There are many definitions of innovation out there, one of which I’d like to highlight is: an increase in productivity. This is true in the sense that to increase productivity, one must be able to do the same amount of work within less time. There many ways to do this, with automation being at the forefront.
Today, there are data collections systems made available to us through technology. For example, social media collects data trending topics. Google maps, waze and other software collects data on location. eCommerce websites collect data on items we buy, or even items that we frequently click on. With this information, many companies are able to have tailor-made experiences for their users, which brings in more revenue. It’s all in the data.
This is virtually impossible without automation. The trick is to automate a system that can correlate several large data sets and determine the best outcome. That is how we increase productivity. Swapping repeatable tasks at work with a computer produces faster results, therefore time is maximized by using it on more important tasks. By extension, this is one of the ways in which we can start solving social problems that affects our lives daily – such as productivity lost in time spent in traffic, productivity lost in time spent waiting in line at the bank etc.
What if we were to be more intentional about data collection?

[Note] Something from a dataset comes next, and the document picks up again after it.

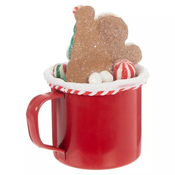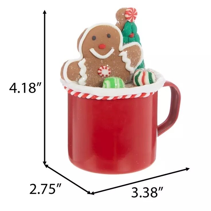 The product is a festive Christmas ornament featuring a red mug with a Gingerman inside, designed by Hobby Lobby. It is part of the Ornaments collection and is made of mixed materials including resin and metal. The Gingerman in a Mug ornament is a decorative item with a Christmas theme, perfect for adult table decor during the holiday season. Create adorable Christmas displays with a Gingerbread Man In A Mug. This sweet piece resembles a red mug filled with hot cocoa. Sitting inside is a clay gingerbread man with two small peppermint candies and a mini tree next to him. Place this mug in the kitchen with other decor inspired by your favorite sweet treats this holiday season! Dimensions: 4.18" H x 3.38" W x 2.75" D Material: Clay & Plastic Color: Red, White, Green & Brown Pattern: Stripes Quantity: 1

Right now, most companies collect data from average, everyday users, such as you and me, in a rather passive manner. We click, scroll, buy, input information without knowing that it’s being used in the background to optimize our interactions with these sites and applications. What if that could be mobilized by having ‘data harvesters’, for the lack of a better term, to collect data in areas that were previously hard to reach?
Let’s look at an example. City B needs more hospitals. You could have several data collectors that look at a number of metrics related to health: how many births are in city B per year? How many children get vaccines per month? How many people get surgeries per year? How many people use health insurance when they visit the hospital? There are two parts to this: stream-lining the line at the existing hospital to reduce wait times, and using the data to determine what kinds of doctors to hire and where to build the new hospitals.
For the first way – what if everyone used a hospital app instead of coming in to fill out paperwork, signed up and entered their information before they arrived and essentially stream-lined the experience. No lines, as soon as they come in, their level of severity is already assessed, and potentially, a diagnosis with medication may already be prepared. For the second way – let’s say City B has more births in the North that in the South, then it makes sense to build a maternity clinic in the North, or hire more gynecologists in the North. If we could have multiple ways in which we collect this data quickly, and use technology to assimilate and assess it, it would be easier to plan and build up a community. This is one of the ways in which data drives innovation.
In conclusion, we have many data sets available to us. We can use technology to mobilize locals to collect the data, use technology to analyze the data and quickly get a result, as opposed to sifting through mounds of paperwork manually. This will enable us to solve scientific, political and social problems through innovation.